I have provided you with data about the 5,000 fastest growing companies in the US, as compiled by Inc. magazine. lets read this in:
inc <- read.csv("https://raw.githubusercontent.com/charleyferrari/CUNY_DATA_608/master/module1/Data/inc5000_data.csv", header= TRUE)
And lets preview this data:
head(inc)
## Rank Name Growth_Rate Revenue
## 1 1 Fuhu 421.48 1.179e+08
## 2 2 FederalConference.com 248.31 4.960e+07
## 3 3 The HCI Group 245.45 2.550e+07
## 4 4 Bridger 233.08 1.900e+09
## 5 5 DataXu 213.37 8.700e+07
## 6 6 MileStone Community Builders 179.38 4.570e+07
## Industry Employees City State
## 1 Consumer Products & Services 104 El Segundo CA
## 2 Government Services 51 Dumfries VA
## 3 Health 132 Jacksonville FL
## 4 Energy 50 Addison TX
## 5 Advertising & Marketing 220 Boston MA
## 6 Real Estate 63 Austin TX
summary(inc)
## Rank Name Growth_Rate Revenue
## Min. : 1 Length:5001 Min. : 0.340 Min. :2.000e+06
## 1st Qu.:1252 Class :character 1st Qu.: 0.770 1st Qu.:5.100e+06
## Median :2502 Mode :character Median : 1.420 Median :1.090e+07
## Mean :2502 Mean : 4.612 Mean :4.822e+07
## 3rd Qu.:3751 3rd Qu.: 3.290 3rd Qu.:2.860e+07
## Max. :5000 Max. :421.480 Max. :1.010e+10
##
## Industry Employees City State
## Length:5001 Min. : 1.0 Length:5001 Length:5001
## Class :character 1st Qu.: 25.0 Class :character Class :character
## Mode :character Median : 53.0 Mode :character Mode :character
## Mean : 232.7
## 3rd Qu.: 132.0
## Max. :66803.0
## NA's :12
Think a bit on what these summaries mean. Use the space below to add some more relevant non-visual exploratory information you think helps you understand this data:
Environmental Dependancies
library( dplyr )
library( kableExtra )
library( ggplot2 )
library( forcats )
library( scales )
# Insert your code here, create more chunks as necessary
# I find it helpful use dplyr's glimpse() function to view a dataframe
glimpse( inc )
## Rows: 5,001
## Columns: 8
## $ Rank <int> 1, 2, 3, 4, 5, 6, 7, 8, 9, 10, 11, 12, 13, 14, 15, 16, 17,…
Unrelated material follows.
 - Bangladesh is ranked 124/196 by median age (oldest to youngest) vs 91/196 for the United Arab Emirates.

## $ Name <chr> "Fuhu", "FederalConference.com", "The HCI Group", "Bridger…
## $ Growth_Rate <dbl> 421.48, 248.31, 245.45, 233.08, 213.37, 179.38, 174.04, 17…
## $ Revenue <dbl> 1.179e+08, 4.960e+07, 2.550e+07, 1.900e+09, 8.700e+07, 4.5…
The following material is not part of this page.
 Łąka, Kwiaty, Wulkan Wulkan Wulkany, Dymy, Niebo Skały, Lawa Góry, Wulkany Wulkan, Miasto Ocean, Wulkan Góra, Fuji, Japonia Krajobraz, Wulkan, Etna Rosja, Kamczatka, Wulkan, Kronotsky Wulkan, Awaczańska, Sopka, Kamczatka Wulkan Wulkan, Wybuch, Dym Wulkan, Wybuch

## $ Industry <chr> "Consumer Products & Services", "Government Services", "He…
## $ Employees <int> 104, 51, 132, 50, 220, 63, 27, 75, 97, 15, 149, 165, 250, …
## $ City <chr> "El Segundo", "Dumfries", "Jacksonville", "Addison", "Bost…
## $ State <chr> "CA", "VA", "FL", "TX", "MA", "TX", "TN", "CA", "UT", "RI"…
glimpse organizes the dataframe in a more succinct way than the head function and, in combination with the statistical output of the summary function hints at several ways that we might explore the data further to understand it further:
State-Level Data The following code will group data features by State, although a similar analysis can be performed by city
#Geographic grouping (State) & summarize several features
inc_state <- inc %>%
group_by( State ) %>%
summarise( num_companies = n(),
num_city = n_distinct( City ),
mean_Rev = mean( Revenue ),
mean_Growth = mean( Growth_Rate ),
mean_Rank = mean( Rank ),
mean_Size = mean( Employees, na.rm=TRUE ),
num_Industry = n_distinct( Industry ) )
A full view of state level data sorted in descending order by the number of companies:
inc_state %>%
arrange( desc( num_companies ) ) %>%
kbl() %>%
kable_classic(bootstrap_options = "striped",full_width = F)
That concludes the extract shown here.